As an honorary family member and Ba Hao expert, I ask what his favorite Ba Hao feature is, “It’s in your room. You can see the Wat Traimit temple right above your bed. The bed falls under a big window that frames the temple. It’s like a painting, but it has life and changes all day.”

SANTIPHAP Room at Ba Hao

THE LAST NIGHT.

I bid Top farewell as he hurried to Shanghai, and the reality hit that I too would be leaving the very next day. After spending nearly three weeks in Asia’s city of angels, it had begun to feel like home. I was comfortable with both my high society prince and edgy in-the-know hipster, and even comfortable in the fact that I could still only communicate in smiles and gestures.

Once I let it sink in, Alex and I decided to get the drinks in. We wondered Yaowarat Road, Chinatown’s main street where each of our senses became instantly overwhelmed by colorful surrounds. Yaowarat Road is possibly the only place I’ve encountered where street food vendors take up more of the sidewalk than actual people passing through. Naturally, we stuffed our faces with as many inconspicuous eats as we could handle before realizing we had a dinner to attend.

Our boss Jimmy, who is equally as obsessed with the Juul as he is U2, was inviting us and the Sansiri team out to a celebratory meal at Charm Eatery and Bar. Before ordering any solid foods, in true Jimmy style we are served with a round of tequila shots. One shot leads to another, and another, and a cocktail here and there and before we know it we’re ordering Jimmy a cake to celebrate his 80th birthday. He’s 52.

From what I can recall, the remainder of the night went a little something like this. First, we collectively decide the best and only option is to dance it off. Next, we stumble into Revolucion Cocktail. The place was entirely empty, and we couldn’t care less. We had just launched our baby (One Night) in Bangkok, and more tequila shots were in order. Finally, we decide to go to a fabulously gay club in the basement of an InterContinental Hotel called Mixx. The last straw? Alex was denied entry due to her off-brand sneakers, we still managed to sneak our way in, and one last bottle was shamelessly popped.

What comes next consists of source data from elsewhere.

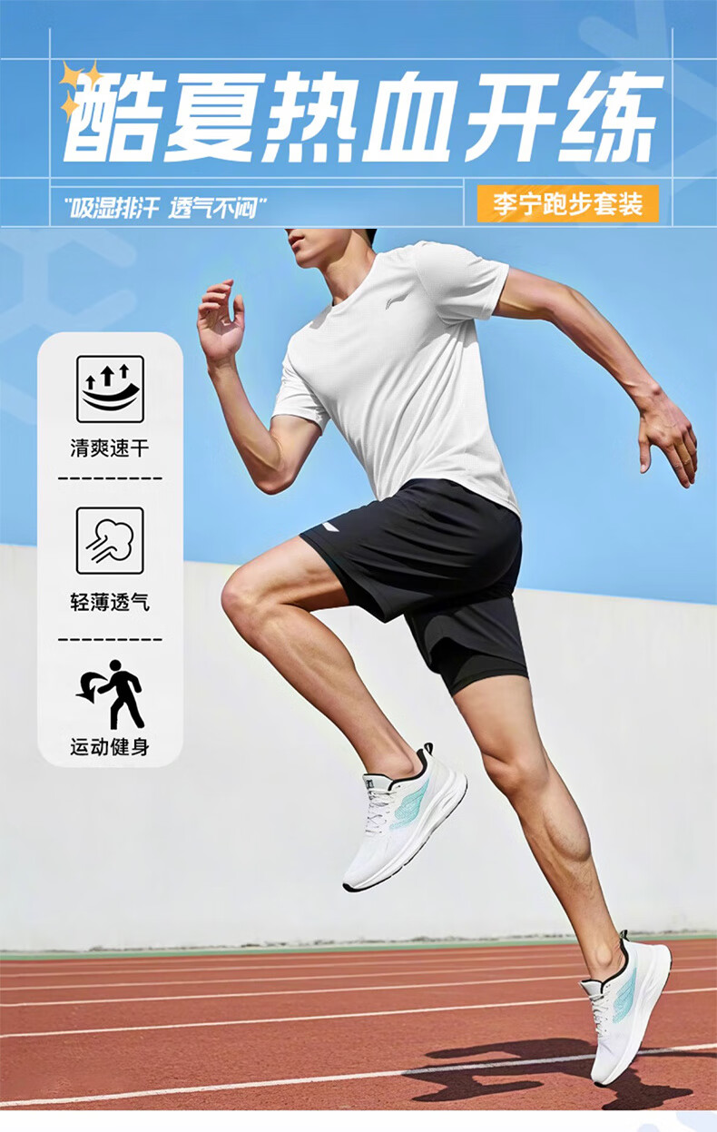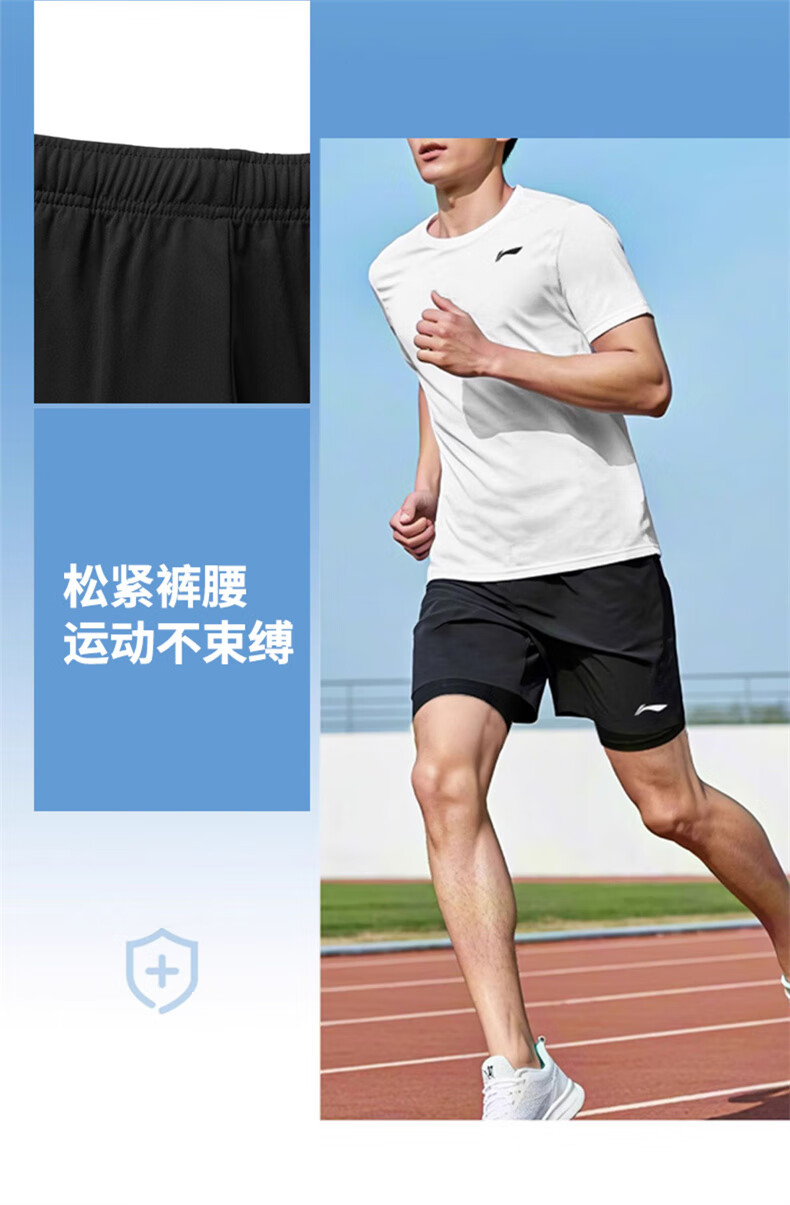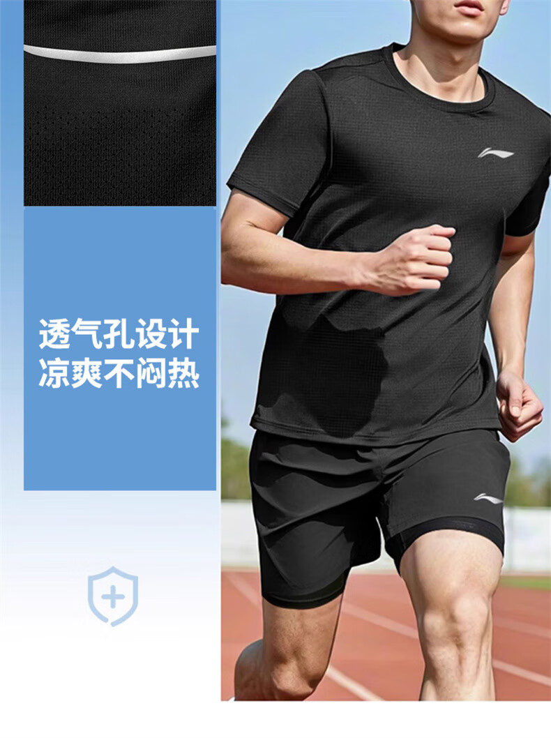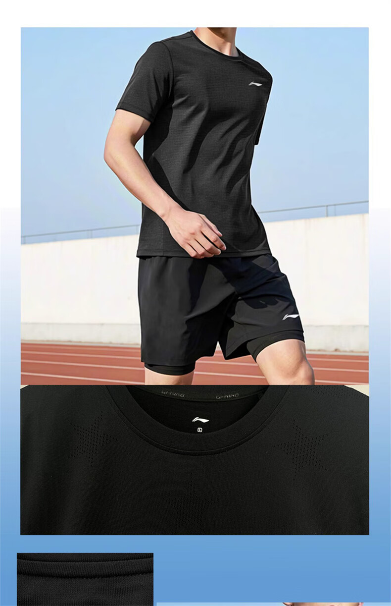 Li Ning Sportanzug für Herren, schnell trocknend, Laufen, Eisseide, kurzärmelige Shorts, Sommer, Badminton, Gymnasium, Aufnahmeprüfung, Sport, körperliche Prüfung, Fitness, Trainingskleidung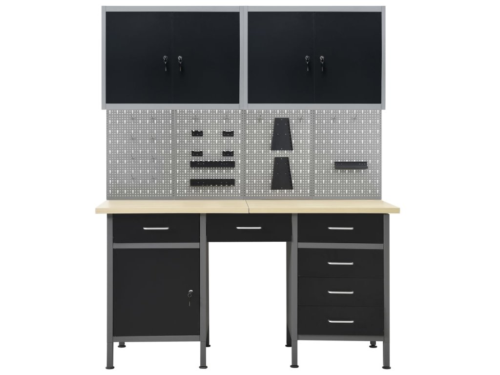 Tato dílenská sada 1 pracovního stolu se 4 nástěnnými panely a 2 nástěnnými skříňkami je praktické úložné řešení pro vaši dílnu a garáž.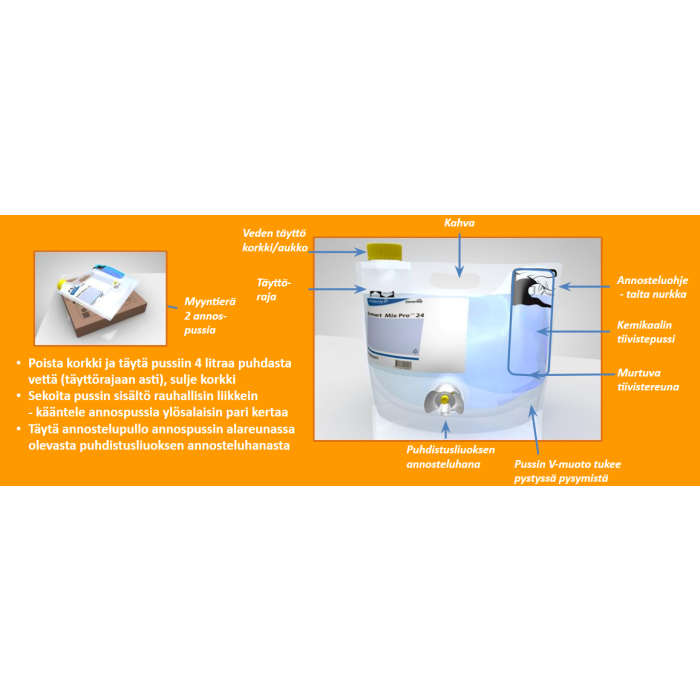 Maailman ensimmäinen annostelujärjestelmä, joka mahtuu jopa postiluukkuun! Smart Mix Pro-annostelujärjestelmä on tarkoitettu kohteisiin, joissa annostelu on ongelma, tilanpuute tai siivouskomerossa ei ole vesipistettä. Nopea ja aina oikea annostelu tuotepakkauksen ainutlaatuisen sisäänrakennetun kiinteän annostelutekniikan ansiosta. Annostelupullot löytyvät osiosta Annostelupullot ja -laitteet. Myyntierästä saadaan 16 annostelupullollista (500 ml) aina oikein annosteltua valmista käyttöliuosta. Myyntierä 2 x 63ml tai 2x 100ml annospussi.

The next thing I know, I look down at my phone and it’s 5 am. I probably shouldn’t have, but I decided the only way to end my Bangkok night in style was to take a motorbike back to my hotel (sorry mom). And then there was one last rookie mistake. I ordered a burger, chocolate fondant, pasta, and an extra side of fries all for myself from the always convenient 24-hour room service. And just like my college years, I woke up the next morning to a cold meal that I hadn’t touched. It was then I finally decided, get your sh*t together, it’s time to go home.

Jimmy’s 80th, Alex’s shoe dilemma, and my motorbike home

THE MORAL.

The most important relationship you have is with y̶o̶u̶r̶s̶e̶l̶f̶ the cities that you call home. Much like in my past human relationships, each trip to Bangkok has taught me something new. What, you wonder, did I learn this time? You can have it all. I want a city (and a man) who can show me the finer things in life and is not afraid to get dirty and go off-the-beaten-path. So what if it’s not all caviar and champagne? If someone has a problem with that, well, let’s just say nobody gets to talk bad about my boyfriend.